During the lockdown and remote teaching time, it was especially challenging to implement practical work and lab work profitably in teaching. Quick creative solutions had to be found. In some cases, these have been convincing even after the pandemic and have led to a permanent rethinking or new content and goals that continue to be valid.

In this Refresh Teaching Event, three lectures which were  nominated for the KITE Award will shed light on how they implemented project work during the pandemic and, above all, how this experience changed their teaching in the long term.

Dr. Andreas Eggenberger D-PHYS Responsible physics practical trainings E-Mail senden
Prof. Dr. Simone Schürle D-HEST Professor E-Mail senden
Jeremy Coulson D-ITET PhD Student E-Mail senden
Dr. Paul Beuchat University of Melbourne Lecturer E-Mail senden

Dr. Andreas Eggenberger (D-PHYS)

Dr. Andreas Eggenberger is responsible for the physics labs at ETH Zurich. When the pandemic forced all lab activities to be suspended, he, together with a team of highly motivated teaching assistants, managed to transfer traditional lab courses into online lab courses by inventing new experiments that did not rely on dedicated equipment, but could be performed at home by the students with tools and equipment present in every household. The online experiments had such high didactical and educational value that some experiments will be kept permanently in the portfolio of the physics lab. This achievement was acknowledged by the Lecturer’s Conference by awarding Andreas Eggenberger and his team with the Kite Award 2022.

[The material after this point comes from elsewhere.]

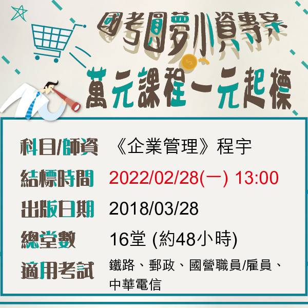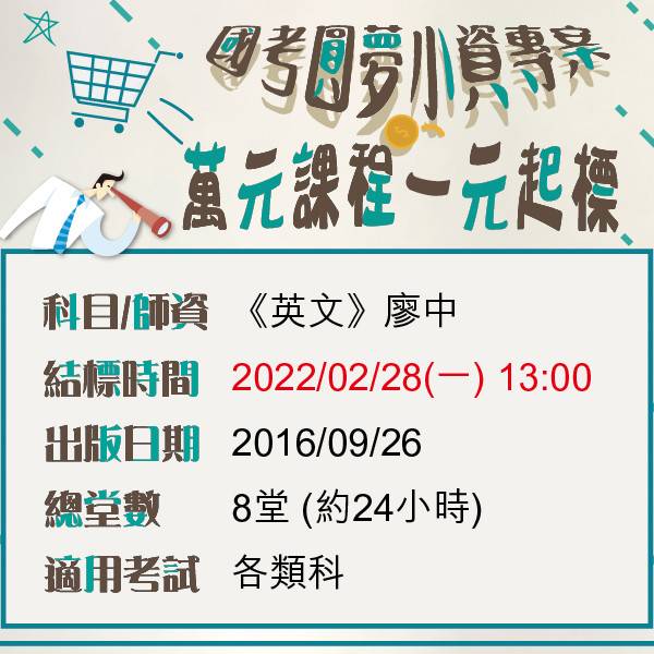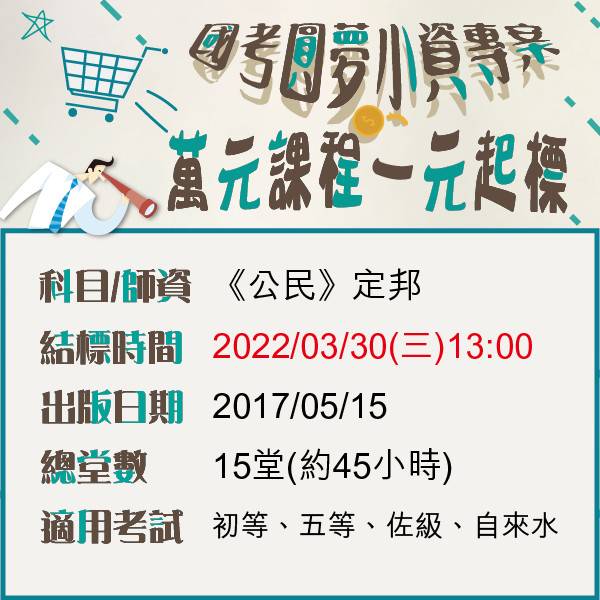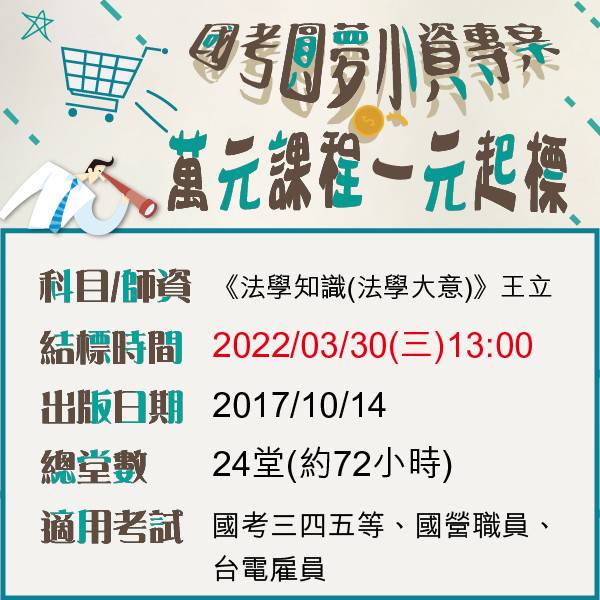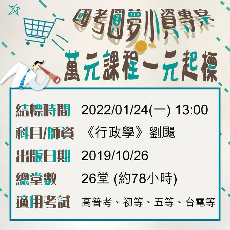 本篇已於2022/08/01(三)13:00結標(流) 【一元起標活動0715~0801】 結標時間:2022/08/01(一)13:00 →《行政法》← 師資:徐晉文 出版日期:2019/12/08 總堂數:18堂(約54小時) →《基本電學》← 師資:陳睿 出版日期:2016/05/16 總堂數:20堂(約54小時) 競標方式: 直接於本貼文留言欲出價金額, (例如:行政法 600元)...

Prof. Dr. Simone Schürle (D-HEST)

Simone Schürle-Finke (D-HEST) is a German biomedical engineer and assistant professor and Principal Investigator for the Responsive Biomedical Systems Laboratory within the Department of Health Sciences and Technology at the Swiss Federal Institute of Technology (ETH) Zürich in Switzerland. Schürle is a pioneer in nanorobotic and magnetic servoing technologies. Her research program is aimed at understanding cellular mechanisms of disease and then subsequently innovating minimally invasive nano- and micro-scale therapeutic and diagnostic technologies for these diseases.

Jeremy Coulson (D-ITET) and Paul Beuchat (University of Melbourne)

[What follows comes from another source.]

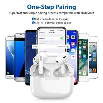Manords True Wireless Earbuds Bluetooth Headphones, Bluetooth 5.1 TWS Stereo Earphones in-Ear Touch Control with Charging Case (White Y113)

Jeremy Coulson is a PhD student with the Automatic Control Lab at ETH Zürich under the supervision of Prof. Florian Dörfler and Prof. John Lygeros.

He is interested in data-driven control and machine learning with applications in robotics. His goal is to directly use data to make predictions and design reliable control algorithms for complex systems.

Paul Beuchat is currently a teaching fellow at the Department of Electrical and Electronic Engineering. He completed his doctoral degree at ETH Zurich, Switzerland, in 2019 under the supervision of Prof. John Lygeros at the Automatic Control Laboratory.